Pictures are to be omitted, and every entry below is to be restated exactly.

::::

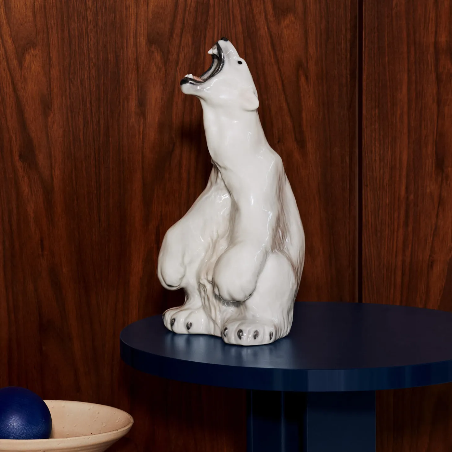 Den brølende isbjørn er en af de første underglasur dekorerede figurer fra Royal Copenhagen. Den blev oprindeligt skabt i 1894 af kunstneren Carl Frederik Liisberg. Figuren er håndmalet, inden den glaseres og brændes, og den udgør et fantastisk indretningsobjekt i dit hjem.
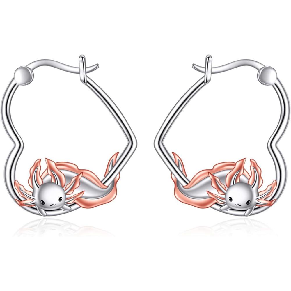 YFN Animal Earrings Sterling Silver Animal Heart Hoop Dangle Earrings Cute Jewelry Gifts for Women(Axolotl)
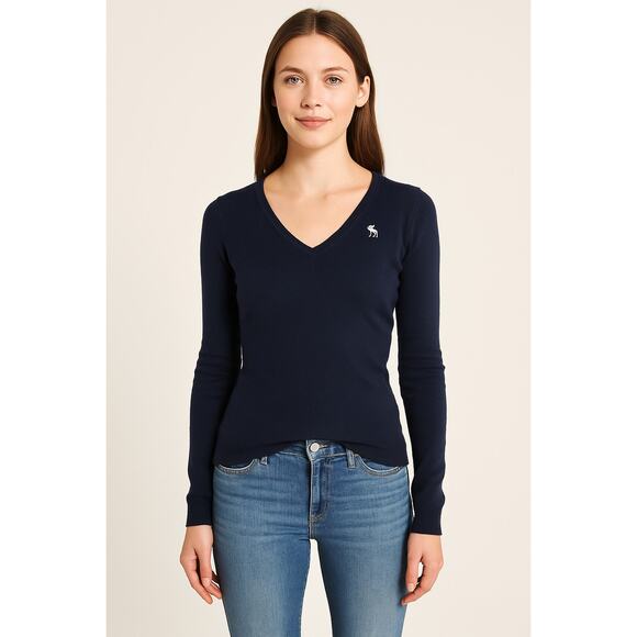 Stay classic and cozy in this Abercrombie & Fitch cashmere sweater, featuring a soft navy blue knit, V-neckline, and the iconic moose logo on the chest. Lightweight yet warm — perfect for layering or wearing on its own for a timeless Y2K-inspired look.
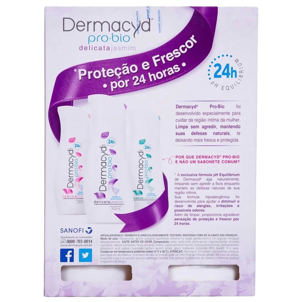 Kit Sabonete Líquido Íntimo Delicata Jasmim Dermacyd 200ml + 100ml Para ficar protegida e tranquila 24 horas, você conta com o Sabonete Íntimo Dermacyd® Femina Floral, que cuida da região íntima e ainda possui notas florais. Sua fórmula exclusiva pH Equilibrium age naturalmente limpando sem agredir a flora. Sua fórmula hipoalergênica foi desenvolvida para ajudar a diminuir o risco de alergias, irritações e possíveis odores. Diferente dos sabonetes comuns ou bactericidas, o novo Dermacyd® Femina Floral tem pH similar ao da região íntima, que mantém as defesas naturais, por isso pode ser usado diariamente. Dermacyd® é a marca de sabonete íntimo que está sempre ao seu lado porque conhece as necessidades e os desafios que as mulheres enfrentam diariamente. Foi aprofundando esse conhecimento que, em nossos 30 anos de Brasil, conquistamos a confiança de milhões de brasileiras e celebramos a liderança absoluta no segmento. Principais características - Frescor e proteção por 24 horas. - Hipoalergênico. - Notas florais - Kit exclusivo com as versões 200ml e 100ml. Modo de Usar: No banho, agite o produto, coloque uma pequena quantidade na palma da mão e aplique na região íntima externa. Em seguida, enxague bem para que não fique nenhum resíduo do produto.
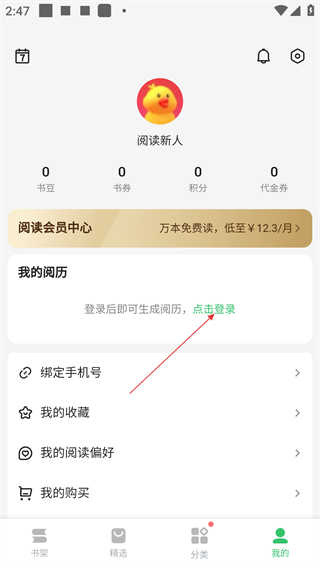 2、在个人中心,可查看书豆、书券等资产,点击【点击登录】可进入登录界面,登录后可生成阅历并使用更多功能。
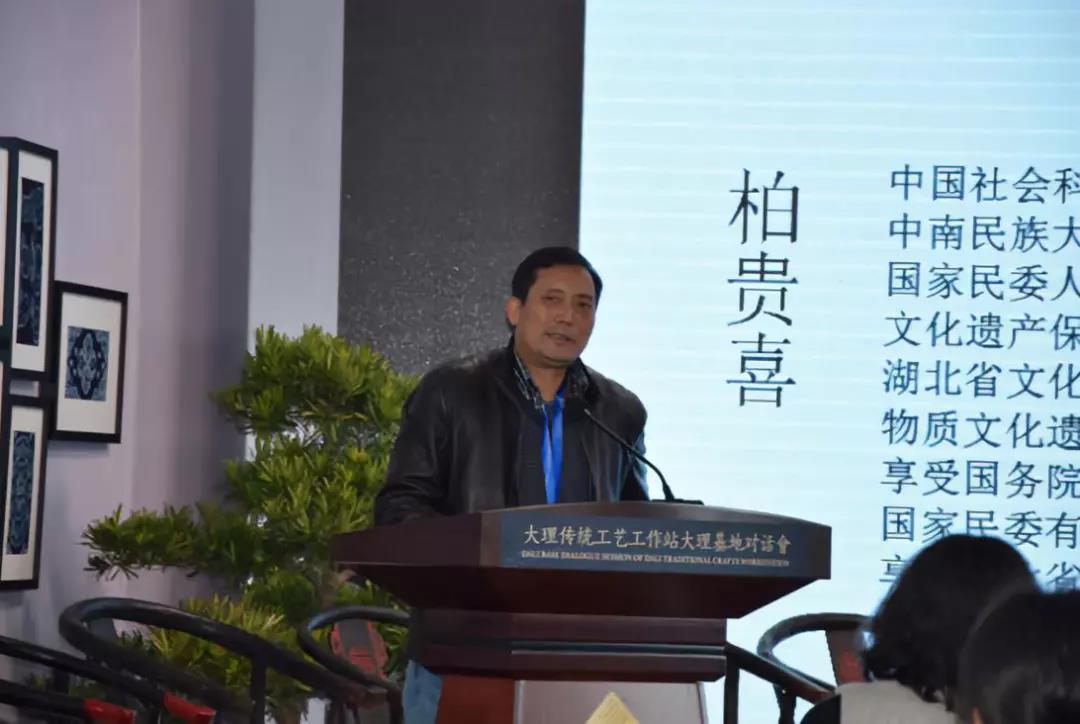 12月19日——12月20日,由文化和旅游部非物质文化遗产司支持,云南省文化和旅游厅、大理白族自治州人民政府主办,大理白族自治州文化体育局、大理市人民政府承办,大理市旅游文化体育广播电视局、大理市喜洲镇人民政府、云南艺术学院设计学院、云南民族大学艺术学院、大理传统工艺工作站大理基地、深圳东璟文化协办的“蓝白之上,匠心流光——大理传统工艺工作站大理基地对话会”在大理璞真白族扎染博物馆隆重召开。中心主任柏贵喜教授应邀参加并做主旨发言。
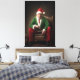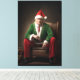 Photo d'un portrait de Donald Trump assis sur une chaise en cuir marron portant un costume d'elfe de Noël
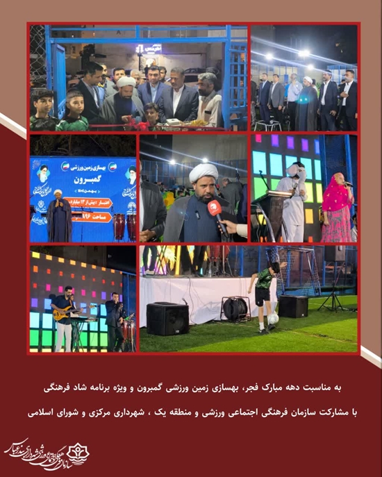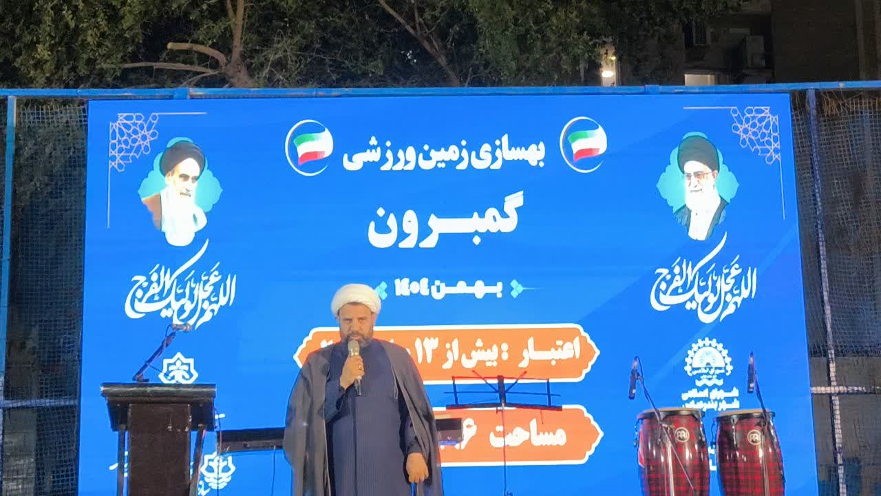 به مناسبت دهه مبارک فجر بهسازی زمین ورزشی گمبرون و ویژه برنامه شاد فرهنگی با مشارکت سازمان فرهنگی اجتماعی ورزشی ،منطقه یک ،شهرداری مرکزی و شورای اسلامی
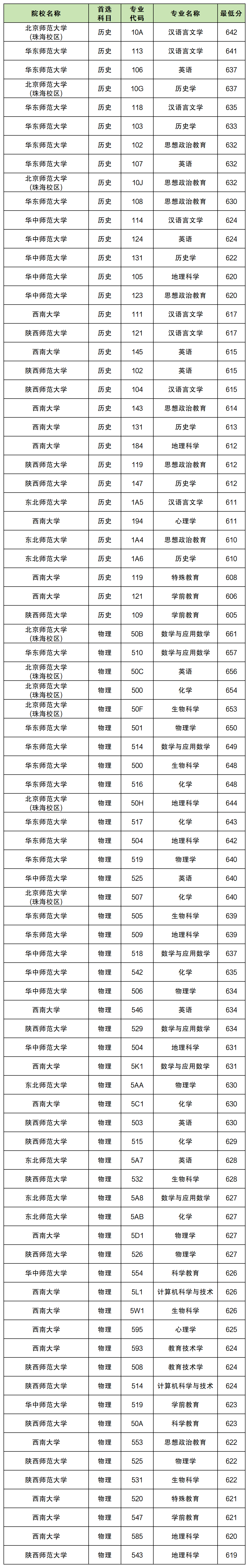 历史类:最低605分,对应陕西师范大学学前教育专业。
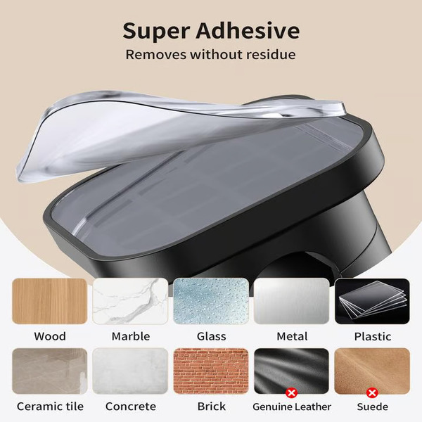 Si fissa saldamente a superfici piane come legno, piastrelle, metallo e pareti lisce.
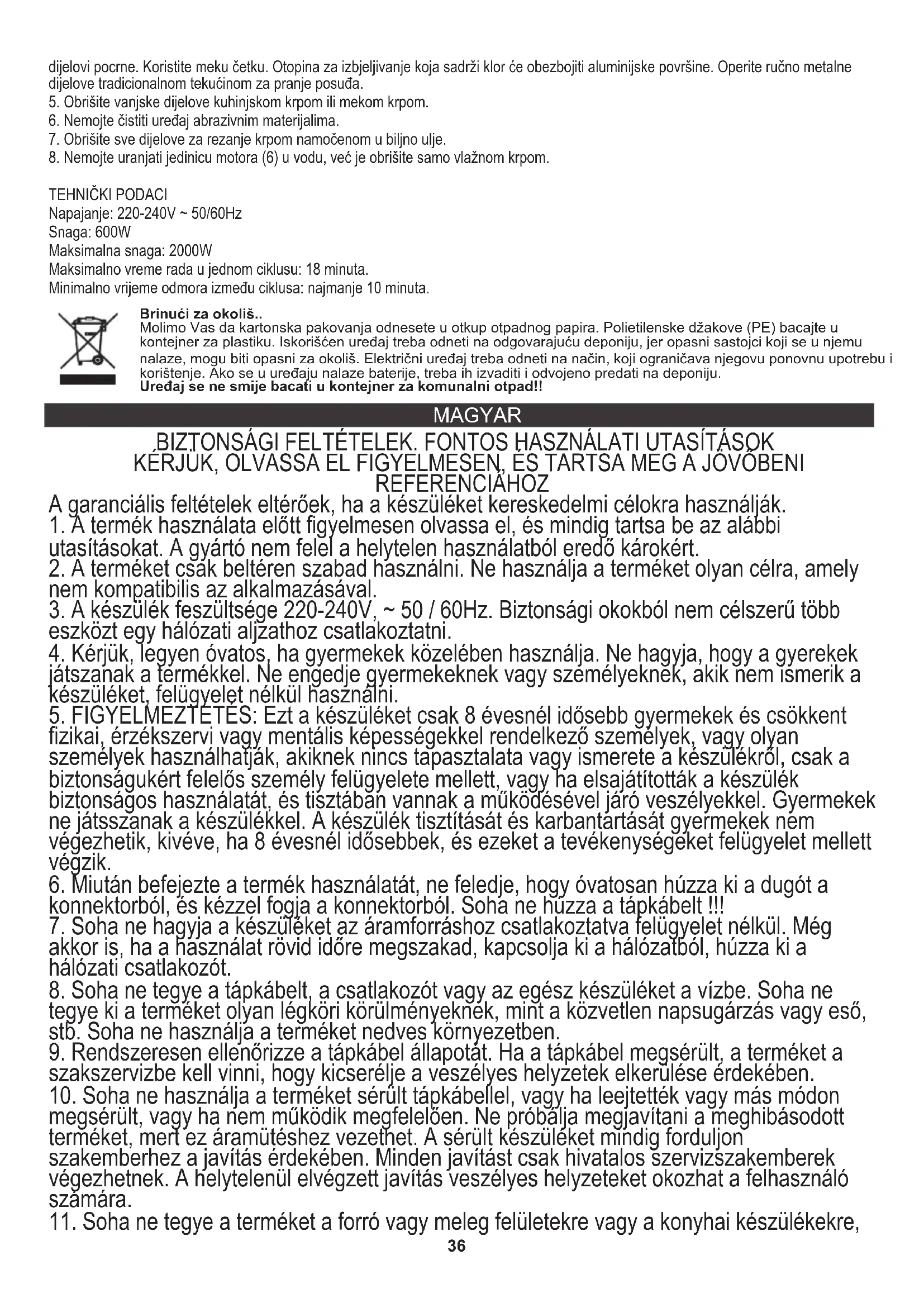 Tápellátás: 220-240V ~ 50/60Hz Teljesítmény: 600W Max teljesítmény: 2000W Maximális működési idő egy ciklusban: 18 perc. Minimális pihenőidő a ciklusok között: legalább 10 perc. A környezet védelme érdekében kérjük külön karton dobozok és műanyag zsákokat és dobja őket a megfelelő hulladék közé. Használt készüléket kell eljuttatni a kijelölt gyűjtőhelyekre miatt veszélyes elemek alkatrészeket, amelyek hatással lehetnek a környezetre. Ne dobja a készüléket a közös szemétkosárba. SUOMI
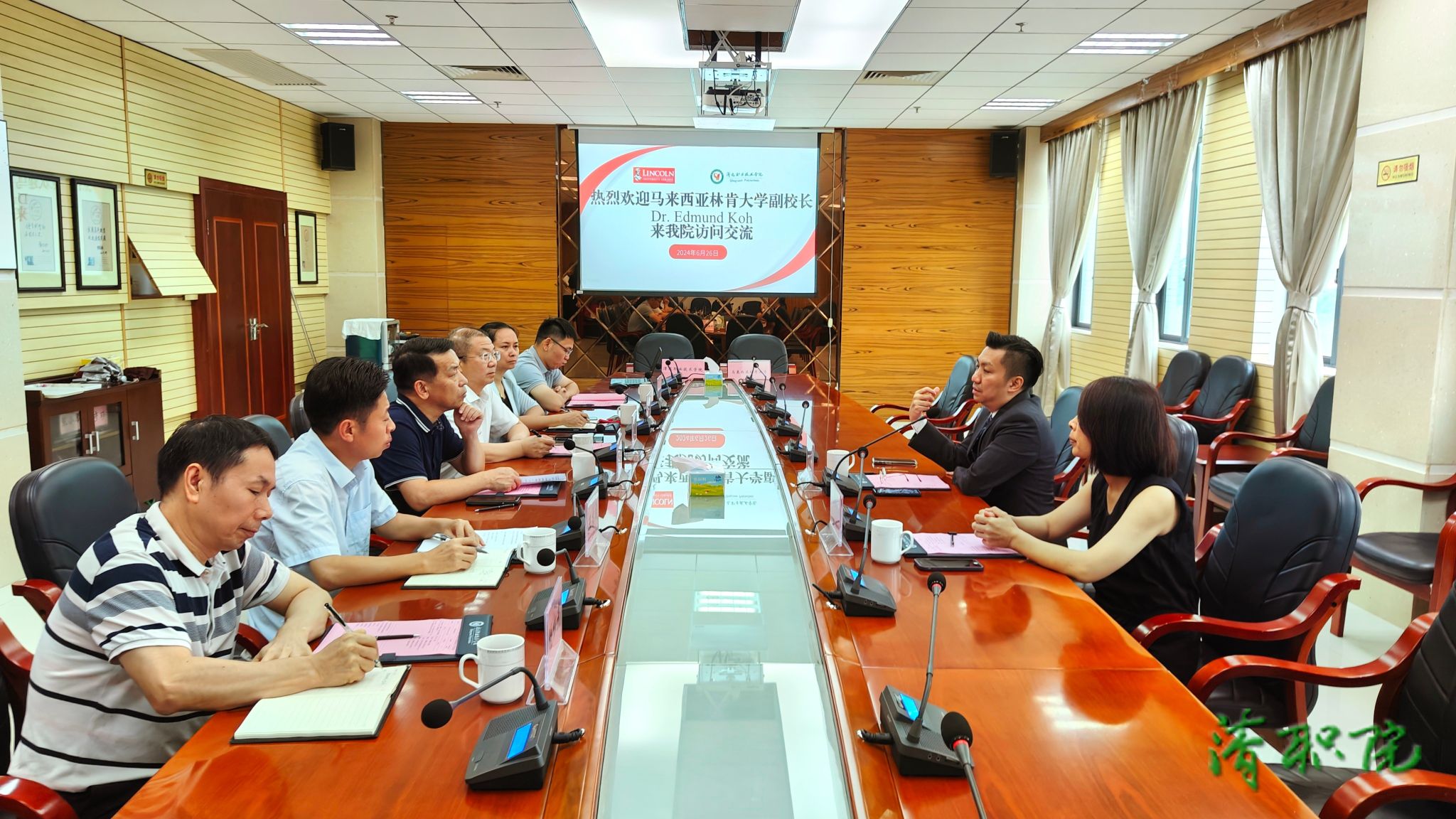 胡刚在座谈会上对Edmund Koh博士和Liny HUANG顾问的来访表示热烈欢迎,并介绍了学院的发展历史、办学特色、专业设置、科研服务以及中外合作等办学情况。Edmund Koh博士对学院的热情接待表示感谢,他就马来西亚林肯大学的历史沿革、学校排名、办学理念、专业人才培养模式以及国际合作等办学情况做了详细的介绍。Edmund Koh博士期待两校在师资团队共建、课程资源开拓、技能竞赛交流以及科研课题合作等方面可尝试多种形式的国际合作与交流。双方对上述合作项目、合作进程及预期目标达成共识,并签订合作备忘录。
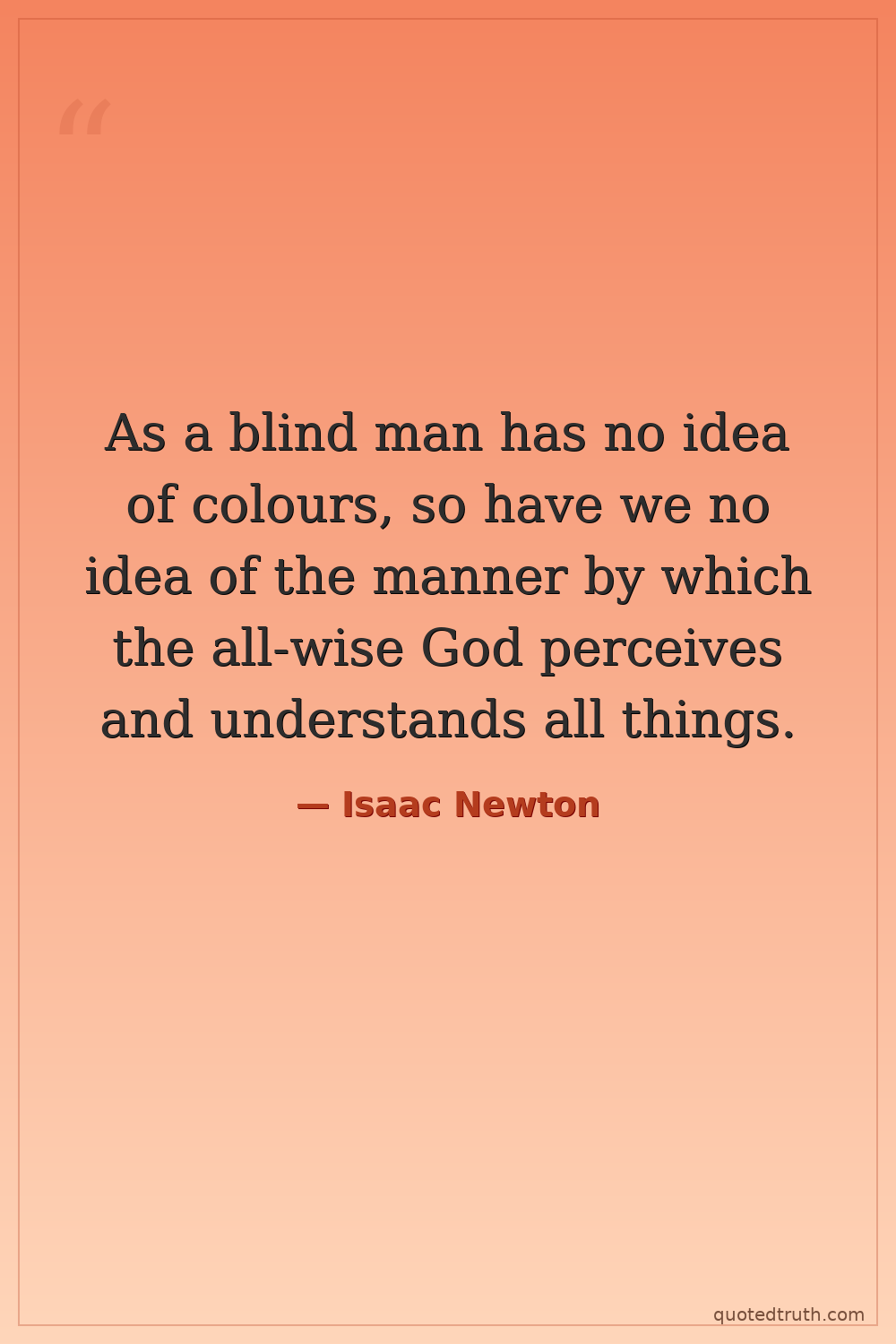 As a blind man has no idea of colours, so have we no idea of the manner by which the all-wise God perceives and understands all things.

::::

[Solved problem]
 Den brølende isbjørn er en af de første underglasur dekorerede figurer fra Royal Copenhagen. Den blev oprindeligt skabt i 1894 af kunstneren Carl Frederik Liisberg. Figuren er håndmalet, inden den glaseres og brændes, og den udgør et fantastisk indretningsobjekt i dit hjem.
 YFN Animal Earrings Sterling Silver Animal Heart Hoop Dangle Earrings Cute Jewelry Gifts for Women(Axolotl)
 Stay classic and cozy in this Abercrombie & Fitch cashmere sweater, featuring a soft navy blue knit, V-neckline, and the iconic moose logo on the chest. Lightweight yet warm — perfect for layering or wearing on its own for a timeless Y2K-inspired look.
 Kit Sabonete Líquido Íntimo Delicata Jasmim Dermacyd 200ml + 100ml Para ficar protegida e tranquila 24 horas, você conta com o Sabonete Íntimo Dermacyd® Femina Floral, que cuida da região íntima e ainda possui notas florais. Sua fórmula exclusiva pH Equilibrium age naturalmente limpando sem agredir a flora. Sua fórmula hipoalergênica foi desenvolvida para ajudar a diminuir o risco de alergias, irritações e possíveis odores. Diferente dos sabonetes comuns ou bactericidas, o novo Dermacyd® Femina Floral tem pH similar ao da região íntima, que mantém as defesas naturais, por isso pode ser usado diariamente. Dermacyd® é a marca de sabonete íntimo que está sempre ao seu lado porque conhece as necessidades e os desafios que as mulheres enfrentam diariamente. Foi aprofundando esse conhecimento que, em nossos 30 anos de Brasil, conquistamos a confiança de milhões de brasileiras e celebramos a liderança absoluta no segmento. Principais características - Frescor e proteção por 24 horas. - Hipoalergênico. - Notas florais - Kit exclusivo com as versões 200ml e 100ml. Modo de Usar: No banho, agite o produto, coloque uma pequena quantidade na palma da mão e aplique na região íntima externa. Em seguida, enxague bem para que não fique nenhum resíduo do produto.
 2、在个人中心,可查看书豆、书券等资产,点击【点击登录】可进入登录界面,登录后可生成阅历并使用更多功能。
 12月19日——12月20日,由文化和旅游部非物质文化遗产司支持,云南省文化和旅游厅、大理白族自治州人民政府主办,大理白族自治州文化体育局、大理市人民政府承办,大理市旅游文化体育广播电视局、大理市喜洲镇人民政府、云南艺术学院设计学院、云南民族大学艺术学院、大理传统工艺工作站大理基地、深圳东璟文化协办的“蓝白之上,匠心流光——大理传统工艺工作站大理基地对话会”在大理璞真白族扎染博物馆隆重召开。中心主任柏贵喜教授应邀参加并做主旨发言。
 Photo d'un portrait de Donald Trump assis sur une chaise en cuir marron portant un costume d'elfe de Noël
 به مناسبت دهه مبارک فجر بهسازی زمین ورزشی گمبرون و ویژه برنامه شاد فرهنگی با مشارکت سازمان فرهنگی اجتماعی ورزشی ،منطقه یک ،شهرداری مرکزی و شورای اسلامی
 历史类:最低605分,对应陕西师范大学学前教育专业。
 Si fissa saldamente a superfici piane come legno, piastrelle, metallo e pareti lisce.
 Tápellátás: 220-240V ~ 50/60Hz Teljesítmény: 600W Max teljesítmény: 2000W Maximális működési idő egy ciklusban: 18 perc. Minimális pihenőidő a ciklusok között: legalább 10 perc. A környezet védelme érdekében kérjük külön karton dobozok és műanyag zsákokat és dobja őket a megfelelő hulladék közé. Használt készüléket kell eljuttatni a kijelölt gyűjtőhelyekre miatt veszélyes elemek alkatrészeket, amelyek hatással lehetnek a környezetre. Ne dobja a készüléket a közös szemétkosárba. SUOMI
 胡刚在座谈会上对Edmund Koh博士和Liny HUANG顾问的来访表示热烈欢迎,并介绍了学院的发展历史、办学特色、专业设置、科研服务以及中外合作等办学情况。Edmund Koh博士对学院的热情接待表示感谢,他就马来西亚林肯大学的历史沿革、学校排名、办学理念、专业人才培养模式以及国际合作等办学情况做了详细的介绍。Edmund Koh博士期待两校在师资团队共建、课程资源开拓、技能竞赛交流以及科研课题合作等方面可尝试多种形式的国际合作与交流。双方对上述合作项目、合作进程及预期目标达成共识,并签订合作备忘录。
 As a blind man has no idea of colours, so have we no idea of the manner by which the all-wise God perceives and understands all things.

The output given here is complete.